# What you will do
Repeat the listing below in full and exactly. Pictures are to be omitted.

# Source data
++++++++++
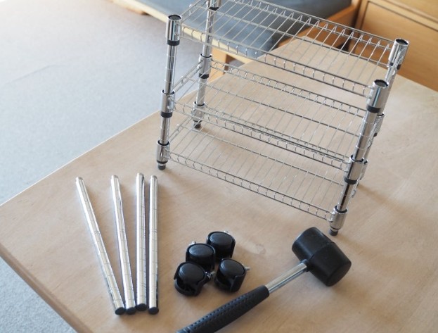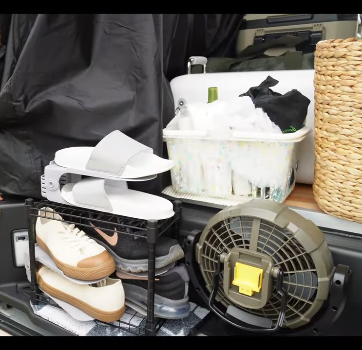 100均の、スチールラックを必要な大きさで組み立てて、サイドのステップに置いて使います。この写真では、靴を省スペースでおけるグッズを利用して、うまくラックに納めています。実際は乗り降りの時に足元に気を付ければ、限られた空間を有効利用できる方法だと思いました。
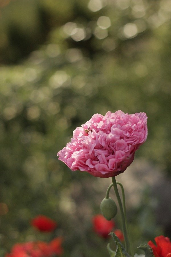 Qué decirles de esta belleza absoluta que hace algunos años cultivamos en el jardín, la Amapola Real “Belle Époque” nos quita el aliento cada mañana de primavera, cuando despertamos y damos nuestro rutinario paseo por los canteros. Empieza a abrir con los primeros rayos de sol, el pimpollo es muy grande por sus pomposas flores de mil pétalos. Sus tonos van del rosado muy suave al púrpura intenso pasando por intermedios como salmón, lavanda o rosa viejo. A diferencia de otras amapolas, sus flores no son tan efímeras, se va despetalando de a poco, a medida que pasan los días. La planta tiene gran altura, puede llegar a 150 cms o incluso superarlos. Su follaje es muy decorativo, con hojas enormes en color celeste grisáceo. Sus frutos son ideales para ramos de flores frescas o secas, ya que forman una cápsula redonda muy ornamental. Favorita de las abejas melíferas. Florece durante noviembre, en donde vivimos es la última amapola en florecer.
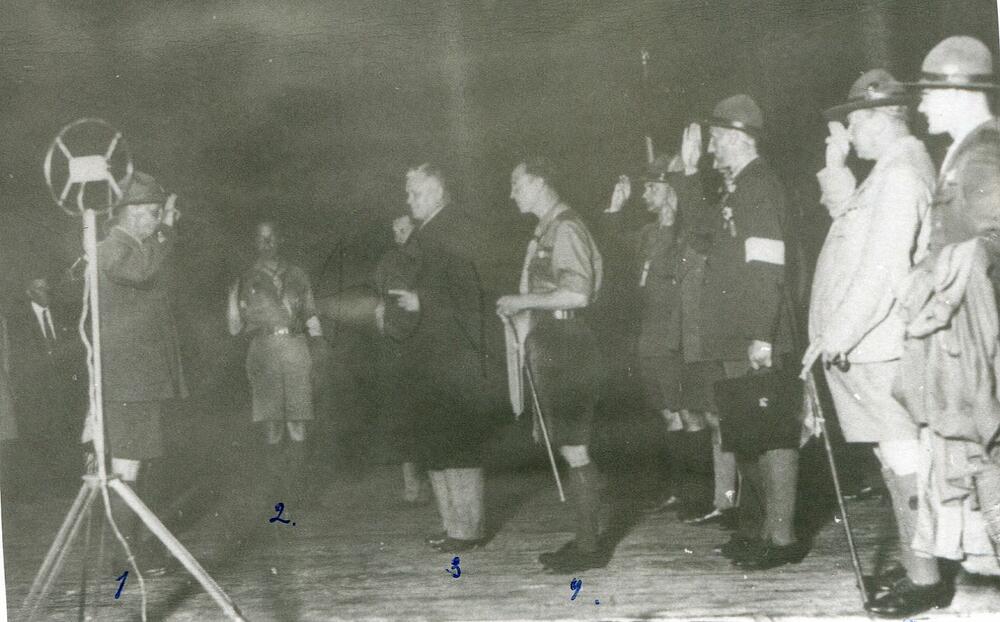 Latvijas Skautu centrālās organizācijas centrālās pārvaldes priekšnieks (1921-1940), ģenerālis Kārlis Goppers sveic Latvijas Valsts un Ministru prezidentu Kārli Ulmani, Latvijas skautu 3. Lielās nometnes atklāšanā Asaros. No kreisās: 1. Kārlis Goppers, 2. Latvijas Skautu priekšnieks un nometnes komandants Teodors Baltpurviņš, 3. Kārlis Ulmanis, 4. Latvijas skautu priekšnieks un 3. Lielās nometnes priekšnieks Jāzeps Dombrovskis. No labās 2. skautu starptautiskā biroja direktors Huberts Stenlijs Martins.
++++++++++
# Written solution
 100均の、スチールラックを必要な大きさで組み立てて、サイドのステップに置いて使います。この写真では、靴を省スペースでおけるグッズを利用して、うまくラックに納めています。実際は乗り降りの時に足元に気を付ければ、限られた空間を有効利用できる方法だと思いました。
 Qué decirles de esta belleza absoluta que hace algunos años cultivamos en el jardín, la Amapola Real “Belle Époque” nos quita el aliento cada mañana de primavera, cuando despertamos y damos nuestro rutinario paseo por los canteros. Empieza a abrir con los primeros rayos de sol, el pimpollo es muy grande por sus pomposas flores de mil pétalos. Sus tonos van del rosado muy suave al púrpura intenso pasando por intermedios como salmón, lavanda o rosa viejo. A diferencia de otras amapolas, sus flores no son tan efímeras, se va despetalando de a poco, a medida que pasan los días. La planta tiene gran altura, puede llegar a 150 cms o incluso superarlos. Su follaje es muy decorativo, con hojas enormes en color celeste grisáceo. Sus frutos son ideales para ramos de flores frescas o secas, ya que forman una cápsula redonda muy ornamental. Favorita de las abejas melíferas. Florece durante noviembre, en donde vivimos es la última amapola en florecer.
 Latvijas Skautu centrālās organizācijas centrālās pārvaldes priekšnieks (1921-1940), ģenerālis Kārlis Goppers sveic Latvijas Valsts un Ministru prezidentu Kārli Ulmani, Latvijas skautu 3. Lielās nometnes atklāšanā Asaros. No kreisās: 1. Kārlis Goppers, 2. Latvijas Skautu priekšnieks un nometnes komandants Teodors Baltpurviņš, 3. Kārlis Ulmanis, 4. Latvijas skautu priekšnieks un 3. Lielās nometnes priekšnieks Jāzeps Dombrovskis. No labās 2. skautu starptautiskā biroja direktors Huberts Stenlijs Martins.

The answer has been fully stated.